Aim of the exercise: Please copy out the full listing that follows exactly; no picture belongs in the copy.

Available data:

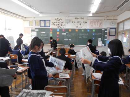 1年生 授業風景 公開日 2022/03/10 更新日 2022/03/10 山室中学校のページ 3月10日(木) 1−1数学:相対度数について学んでいます。何やら真剣な表情で電卓をたたいています。 1−3、4保健:「心と体の密接な関係について考えよう。」オリンピックのDVDを見ながら考えています。 1−3家庭科:SDGsって何だろう?新聞から17のゴールの視点から記事を探しています。
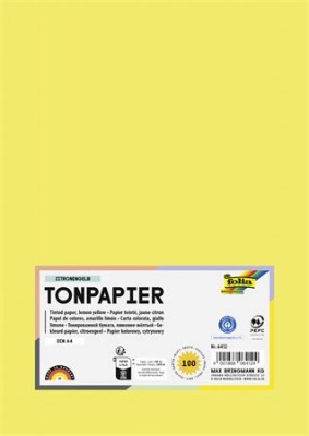 Farebný papier, A4, 130 g, 100 listov, FOLIA, citrónovo žltý
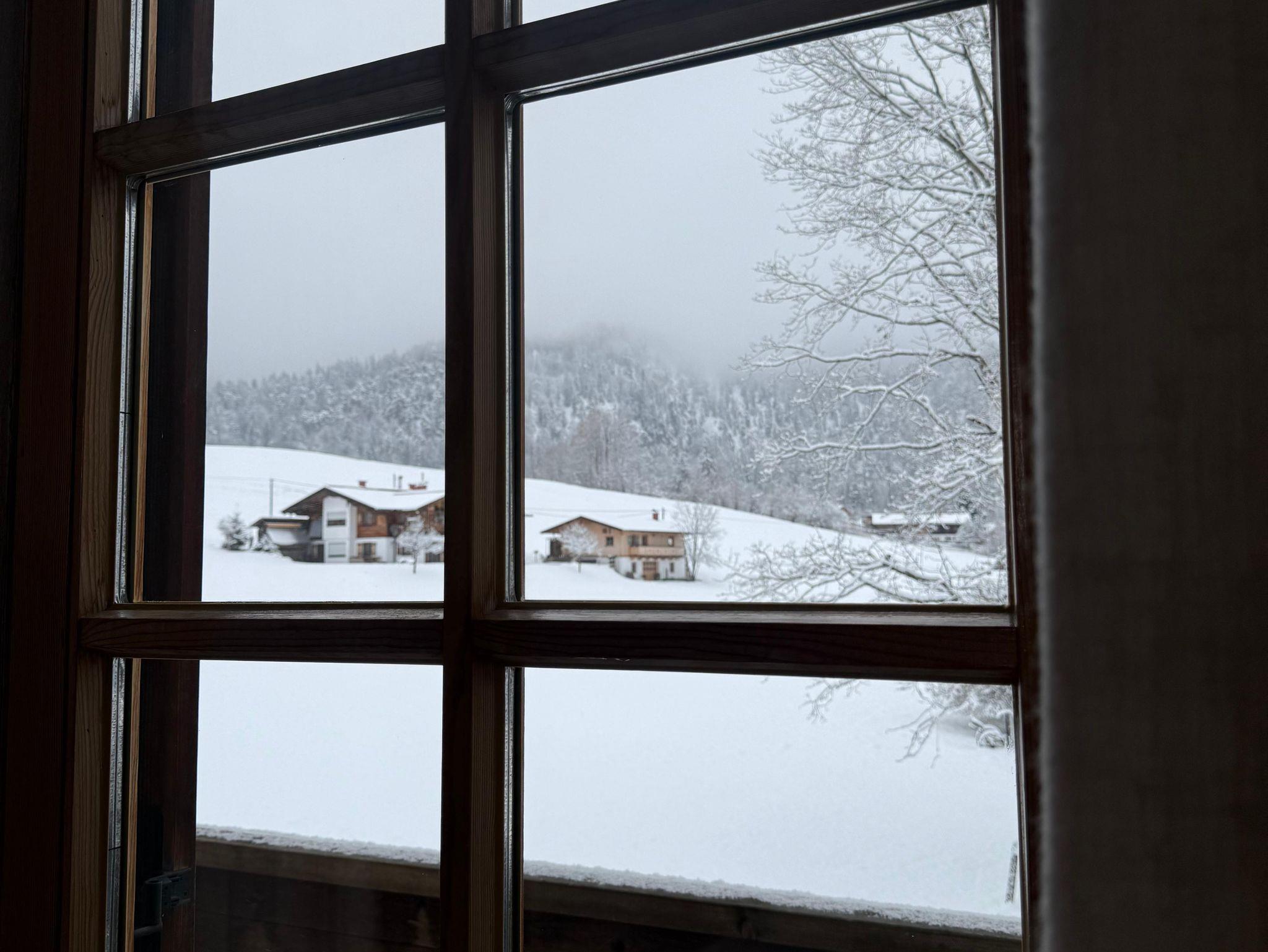 Herrlicher Blick auf die umliegenden verschneiten Berge. Langlaufloipen und gewalzte Winterwanderwege in der Nähe. Täglich kostenloser Bus zur Ortsmitte und in die verschiedenen Ortsteile mit Anschluss zur Winklmoos-Alm.
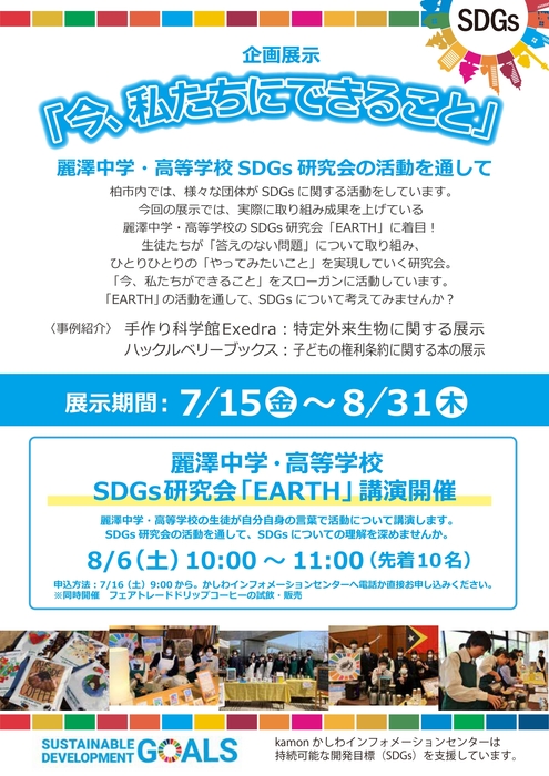 麗澤中学・高等学校(千葉県柏市/校長:櫻井 讓)のSDGs研究会「EARTH」が、未来を担う10代の目線から自分たちの経験を元にSDGsについて理解を深める講演会を8/6(土)10:00~11:00kamonかしわインフォメーションセンターにて実施します。
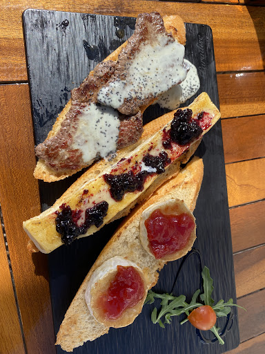 Our charming guide for the evening was Robin, a smiley dude all the way from Colombia. This guy was friendly, attentive, and had a knack for helping us choose the perfect grub in record time. We kicked things off with a fizzy drink called "Juve Camps Cava" and dove into three delectable starter pinchos: Cabra, Bríe, and FOI-grass (fancy, huh?).
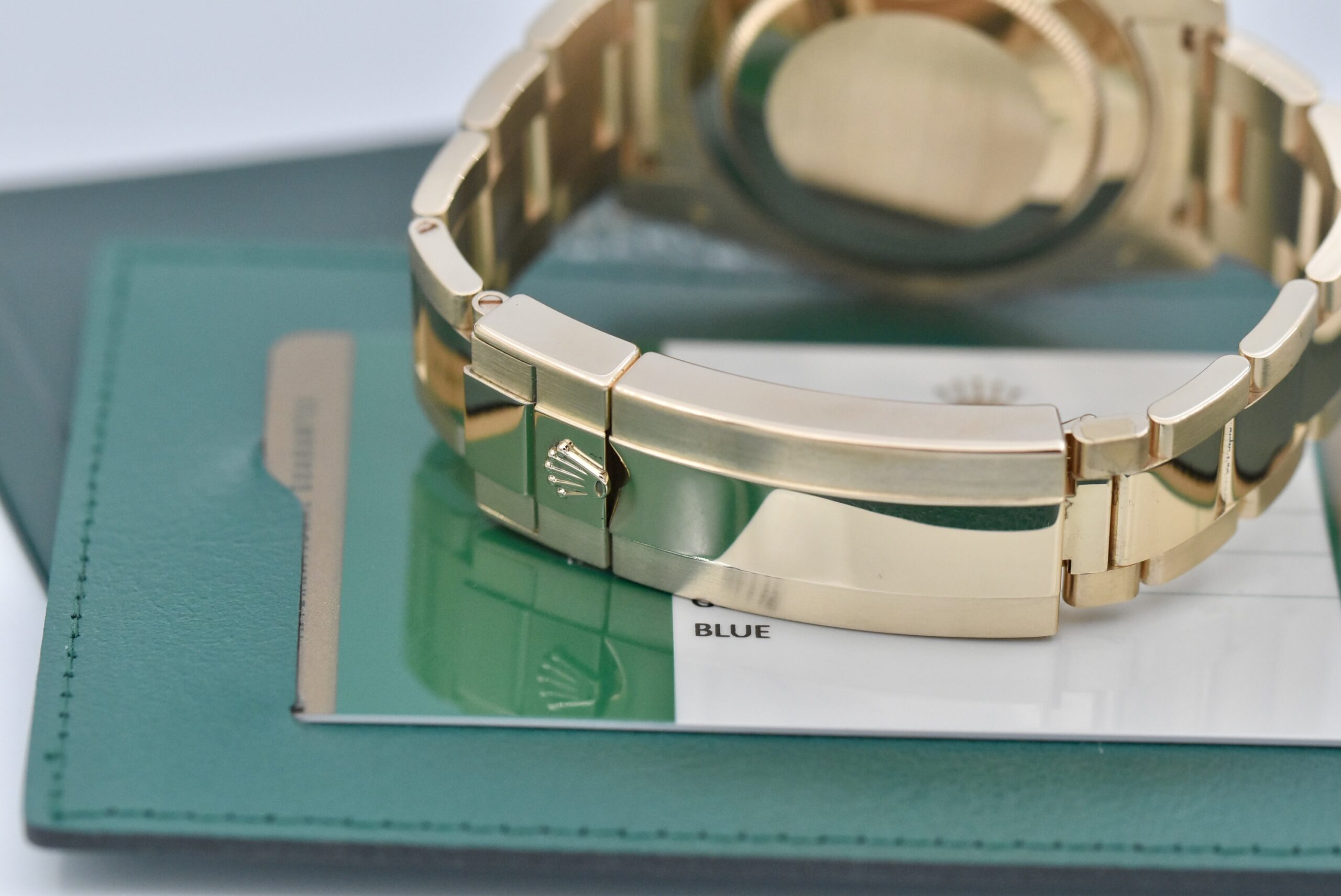 presenta una cassa in oro giallo da 40 mm, una lunetta girevole unidirezionale in oro giallo con inserto in ceramica blu ed un bracciale in oro lucido e satinato con chiusura Oysterlock.
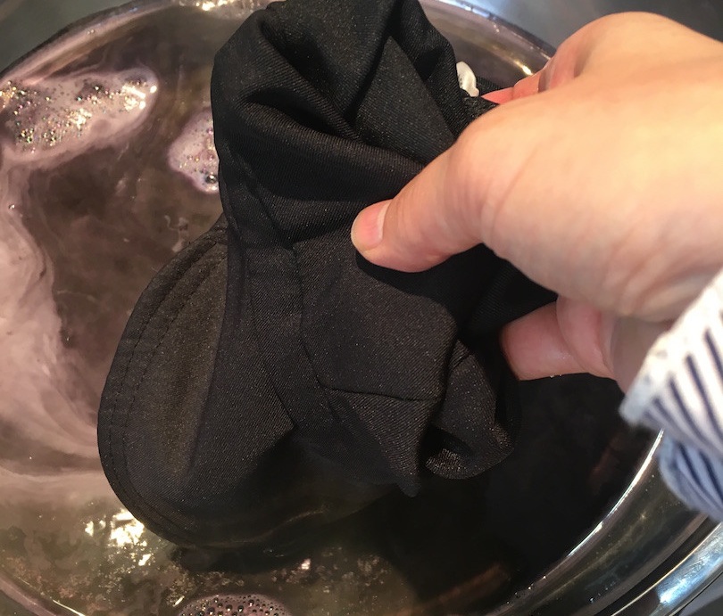 ④そこへ帽子を入れ、よく攪拌しながら30分染めます。
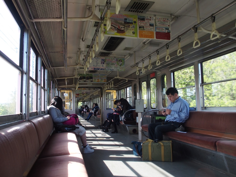 JR線を乗り継ぎ、石山駅で京阪電鉄石山坂本(いしやまさかもと)線に乗り換えます。この路線の一部区間もまだ乗った事がありませんでした。滋賀県の大津市を中心とした路線展開をしている路線で、本家の京阪電鉄とは車両の大きさもミニサイズで、京阪の路面電車バージョンのような印象を受けます。ここまでくると列車本数も多く、基本的には15分毎の運転で、区間によってはその運転本数が倍になります。
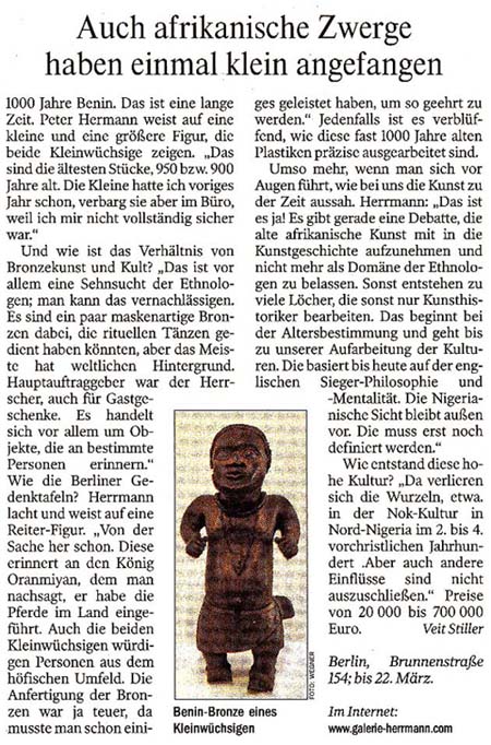 Wie entstand diese hohe Kultur? "Da verlieren sich die Wurzeln, etwa. in der Nok-Kultur in Nord-Nigeria im 2. bis 4. vorchristlichen Jahrhundert .Aber auch andere Einflüsse sind nicht auszuschließen." Preise von 20 000 bis 700 000 Euro.
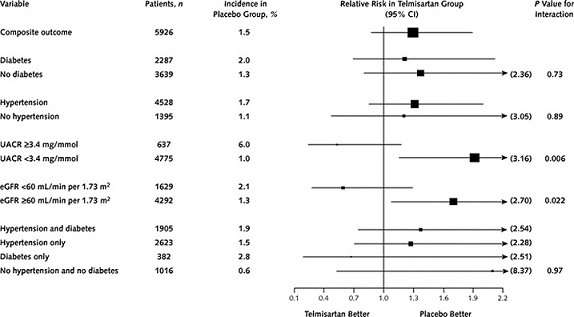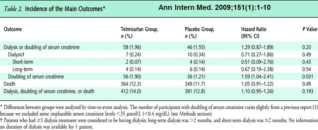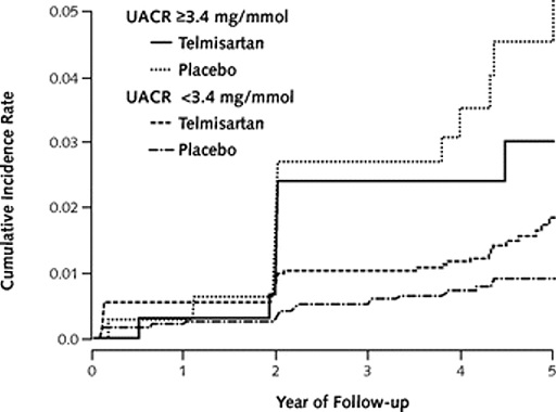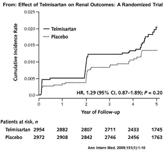 マクロアルブミン尿がなく、心不全がない心血管患者や糖尿病患者5927人に対して、Telmisartan 80㎎投与2954人と、プラセボ投与の2972人を平均56ヶ月治療して検討した研究がある。論文では、あまり重要な差はなかったとしているが、透析移行例や血清クレアチニンが値倍増した症例は、Telmisartan 58例(1.96%)に対し、プラセボ46例(1.55%)であった。
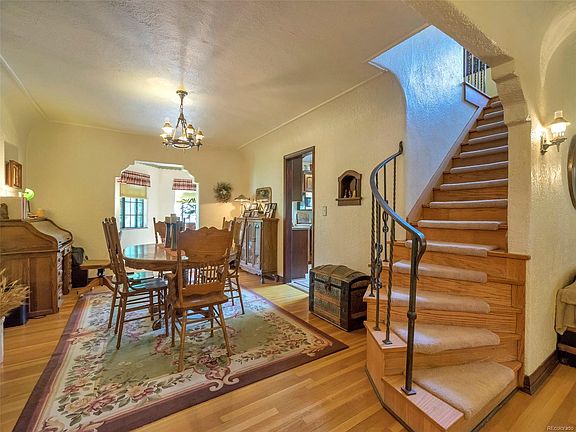 Custom 1.5 story Tudor Style masterpiece one of the most ICONIC and HISTORIC homes in the Limon Community! Built in 1930, this brick home was built with meticulous attention to detail. Charm abounds from this 4 bedrm, 3 bath classic home! Interior is rich with character & architectural touches - You'll find high cove ceilings, glass door knobs, incredible moldings & trim, gleaming oak floors, curved staircase, & original fireplaces. Master suite on the main floor w/ updated master bedroom & walk-in closet. Corian countertops in kitchen. Full finished basement w/ oversized family room, bedrm, bath, laundry room & extra "coal" room that was used to store the coal originally. Two separate stairways provide access to the lower level. Located on corner lot one blk from the school w/ amazing outdoor amenities featuring an expansive lawn, 2 car garage, plus a driveway for more cars! This luxurious home itself is a one-of-a-kind treasure, making this a once in a lifetime opportunity to own it!
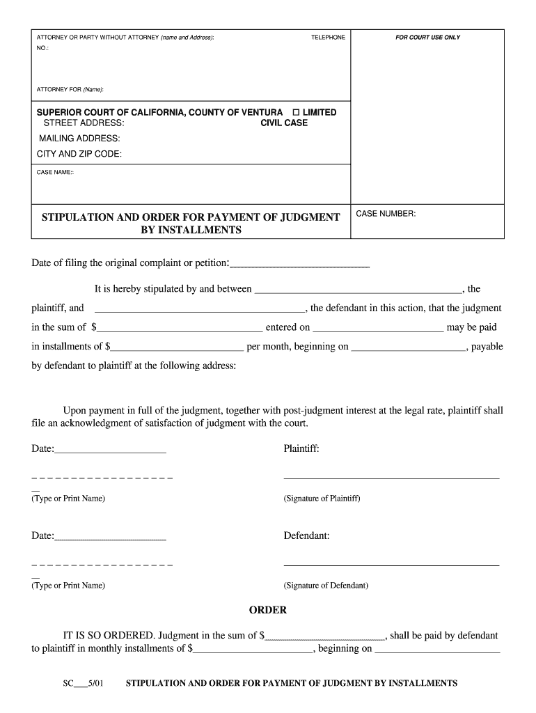 ATTORNEY OR PARTY WITHOUT ATTORNEY (name and Address): TELEPHONE FOR COURT USE ONLY NO.: ATTORNEY FOR (Name): SUPERIOR COURT OF CALIFORNIA, COUNTY OF VENTURA o LIMITED STREET ADDRESS: CIVIL CASE MAILING

Answer area:
 1年生 授業風景 公開日 2022/03/10 更新日 2022/03/10 山室中学校のページ 3月10日(木) 1−1数学:相対度数について学んでいます。何やら真剣な表情で電卓をたたいています。 1−3、4保健:「心と体の密接な関係について考えよう。」オリンピックのDVDを見ながら考えています。 1−3家庭科:SDGsって何だろう?新聞から17のゴールの視点から記事を探しています。
 Farebný papier, A4, 130 g, 100 listov, FOLIA, citrónovo žltý
 Herrlicher Blick auf die umliegenden verschneiten Berge. Langlaufloipen und gewalzte Winterwanderwege in der Nähe. Täglich kostenloser Bus zur Ortsmitte und in die verschiedenen Ortsteile mit Anschluss zur Winklmoos-Alm.
 麗澤中学・高等学校(千葉県柏市/校長:櫻井 讓)のSDGs研究会「EARTH」が、未来を担う10代の目線から自分たちの経験を元にSDGsについて理解を深める講演会を8/6(土)10:00~11:00kamonかしわインフォメーションセンターにて実施します。
 Our charming guide for the evening was Robin, a smiley dude all the way from Colombia. This guy was friendly, attentive, and had a knack for helping us choose the perfect grub in record time. We kicked things off with a fizzy drink called "Juve Camps Cava" and dove into three delectable starter pinchos: Cabra, Bríe, and FOI-grass (fancy, huh?).
 presenta una cassa in oro giallo da 40 mm, una lunetta girevole unidirezionale in oro giallo con inserto in ceramica blu ed un bracciale in oro lucido e satinato con chiusura Oysterlock.
 ④そこへ帽子を入れ、よく攪拌しながら30分染めます。
 JR線を乗り継ぎ、石山駅で京阪電鉄石山坂本(いしやまさかもと)線に乗り換えます。この路線の一部区間もまだ乗った事がありませんでした。滋賀県の大津市を中心とした路線展開をしている路線で、本家の京阪電鉄とは車両の大きさもミニサイズで、京阪の路面電車バージョンのような印象を受けます。ここまでくると列車本数も多く、基本的には15分毎の運転で、区間によってはその運転本数が倍になります。
 Wie entstand diese hohe Kultur? "Da verlieren sich die Wurzeln, etwa. in der Nok-Kultur in Nord-Nigeria im 2. bis 4. vorchristlichen Jahrhundert .Aber auch andere Einflüsse sind nicht auszuschließen." Preise von 20 000 bis 700 000 Euro.
 マクロアルブミン尿がなく、心不全がない心血管患者や糖尿病患者5927人に対して、Telmisartan 80㎎投与2954人と、プラセボ投与の2972人を平均56ヶ月治療して検討した研究がある。論文では、あまり重要な差はなかったとしているが、透析移行例や血清クレアチニンが値倍増した症例は、Telmisartan 58例(1.96%)に対し、プラセボ46例(1.55%)であった。
 Custom 1.5 story Tudor Style masterpiece one of the most ICONIC and HISTORIC homes in the Limon Community! Built in 1930, this brick home was built with meticulous attention to detail. Charm abounds from this 4 bedrm, 3 bath classic home! Interior is rich with character & architectural touches - You'll find high cove ceilings, glass door knobs, incredible moldings & trim, gleaming oak floors, curved staircase, & original fireplaces. Master suite on the main floor w/ updated master bedroom & walk-in closet. Corian countertops in kitchen. Full finished basement w/ oversized family room, bedrm, bath, laundry room & extra "coal" room that was used to store the coal originally. Two separate stairways provide access to the lower level. Located on corner lot one blk from the school w/ amazing outdoor amenities featuring an expansive lawn, 2 car garage, plus a driveway for more cars! This luxurious home itself is a one-of-a-kind treasure, making this a once in a lifetime opportunity to own it!
 ATTORNEY OR PARTY WITHOUT ATTORNEY (name and Address): TELEPHONE FOR COURT USE ONLY NO.: ATTORNEY FOR (Name): SUPERIOR COURT OF CALIFORNIA, COUNTY OF VENTURA o LIMITED STREET ADDRESS: CIVIL CASE MAILING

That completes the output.